Way Kanan,
Kemenag (Humas) -- Memperingati 1 (satu) Tahun Ikatan Penyuluh Agama Republik
Indonesia (IPARI), Pengurus Daerah (PD) IPARI Way Kanan Hijaukan Bumi Ramik
Ragom dengan Gerakan Tanam Sejuta Pohon. Kamis, 30 Mei 2024.
Tak hanya
Gerakan Tanam sejuta Pohon. Dengan tema "Rawat Bumi Tebar Moderasi",
PD IPARI Kabupaten Way Kanan juga sukseskan Gerakan Zero Plastik. Serangkaian
Kemeriahan Gerakan ini berlangsung di Kampung Moderasi Beragama (KMB) di Ponpes
Bustanul Ulum, Kampung Bumi Baru Kecamatan Blambangan umpu Way Kanan, Lampung.
Kegiatan ini
dihadiri Ketua Kelompok Kerja Penyuluh Agama Islam (Pokjaluh) Provinsi Lampung M.
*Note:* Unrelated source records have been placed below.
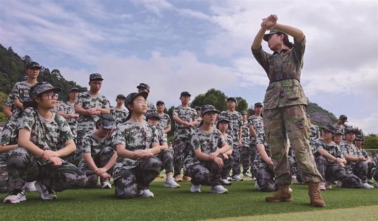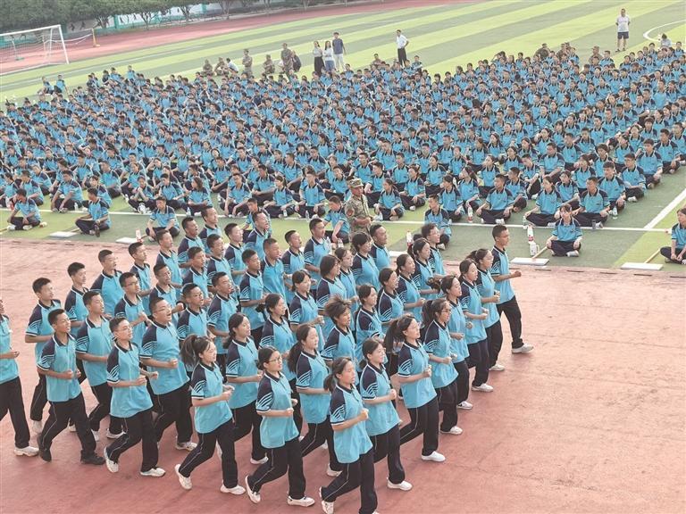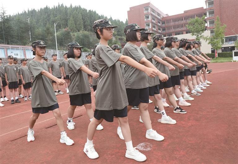 8月27日,永順一中高一新生們在教官的帶領下進行軍訓,強健體魄,磨煉意志。 白果 攝
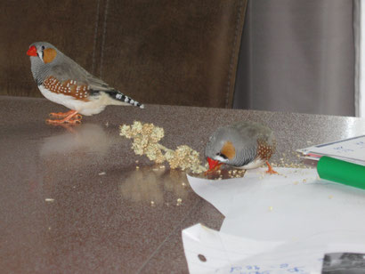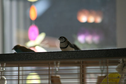 Wir vom Stamm der Zebrafinken sind auch schon von Anfang an dabei. Der größere von beiden ist der Rudi, Hans ist etwas kleiner geraten. Am Anfang haben wir noch in das gleiche Nestchen gepasst, aber jetzt braucht jeder von uns sein eigenes.
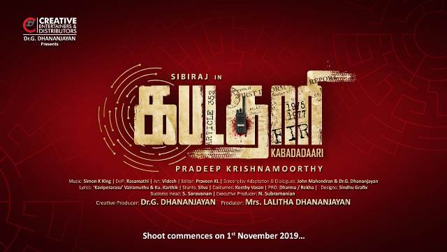 கிரியேட்டிவ் என்டர்டெயின்மெண்ட் அண்ட் டிஸ்ட்ரிபியூட்டர்ஸ் வழங்கும் பிரதீப் கிருஷ்ணமூர்த்தி இயக்கத்தில் சிபிராஜ் நடிப்பில் சஸ்பென்ஸ், எமோஷனல் திரில்லராக உருவாகும் படத்திற்கு இதுவரை பெயர் சூட்டப்படாமல் இருந்தது. தற்போது அப்படத்திற்கு ‘கபடதாரி’ என்று பெயர் வைத்திருக்கிறார்கள்.
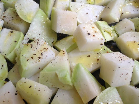 I cubed it and then tossed it with olive oil, salt and pepper and roasted it at 400 degrees for about an hour. Halfway through, I gave it a good stir, then returned it to the oven.
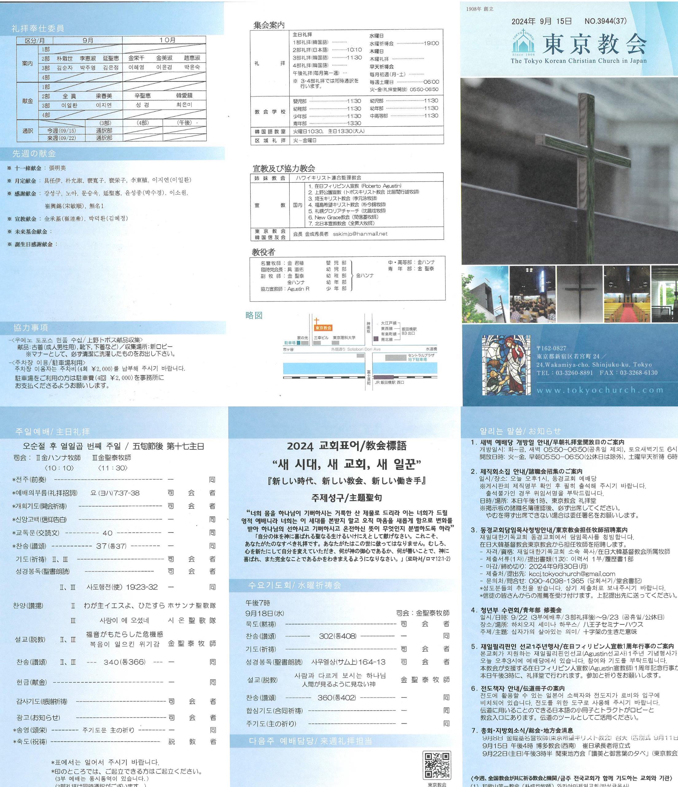 2024년 09월 15일주일 교회안내 |
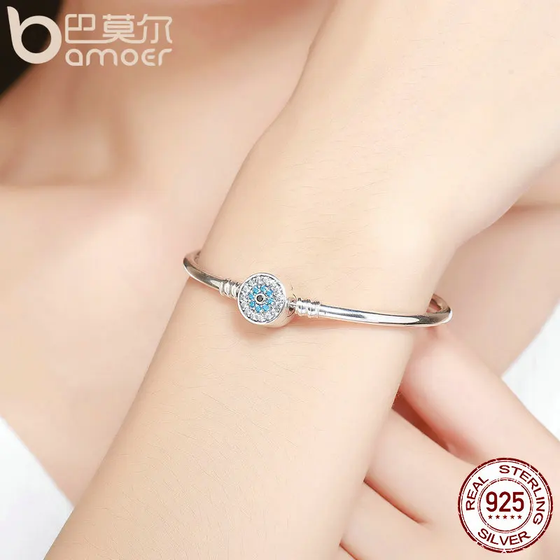 New BAMOER High Quality Authentic 925 Sterling Silver Blue Eyes Clear CZ Snake Chain Heart Bangle & Bra

Ali, S.Ag. Ketua Pokjaluh Way Kanan Munawar,S.Fil dan Pengurus PD IPARI Way
Kanan serta Pokjaluh Way Kanan. Ketua Pengurus Daerah (PD) IPARI Way Kanan
Hidayat,S.Ag mengucapkan terimakasihnya, sebab, dengan suskesnya kegiatan
tersebut berkat Campur Tangan dan semangat Penyuluh Kabupaten Way Kanan.
"Kami
ucapkan terimakasih yang sebesar-besarnya, inilah bukti solidaritas dan
Sinergitas kita. IPARI adalah salah satu wadah penyuluh dalam peningkatan
profesionalitas agar peran eksis kita
sebagai ujung tombak kementerian agama menghadirkan sejuta kemashlahatan,"
Kata Hidayat dengan penuh semangat seraya mengatakan Penanaman Pohon juga
dilakukan di 15 Kecamatan Kabupaten Way Kanan.
"Penanaman
Pohon ini serentak dilakukan di 15 Kecamatan, jauh-jauh hari telah kami
sosialisasikan, sehingga setiap penyuluh yang ada di kecamatan masing-masing
digerakkan mengajak kepala KUA setempat demi suskesnya kegiatan tersebut,"
Ujar Kyai Dayat sapaan akrab Hidayat salah seorang primadona Penyuluh Agama
Islam way Kanan ini.
Sementara, Ketua
Pokjaluh Provinsi Lampung M. Ali, S.Ag mengapresiasi atas kegiatan tersebut.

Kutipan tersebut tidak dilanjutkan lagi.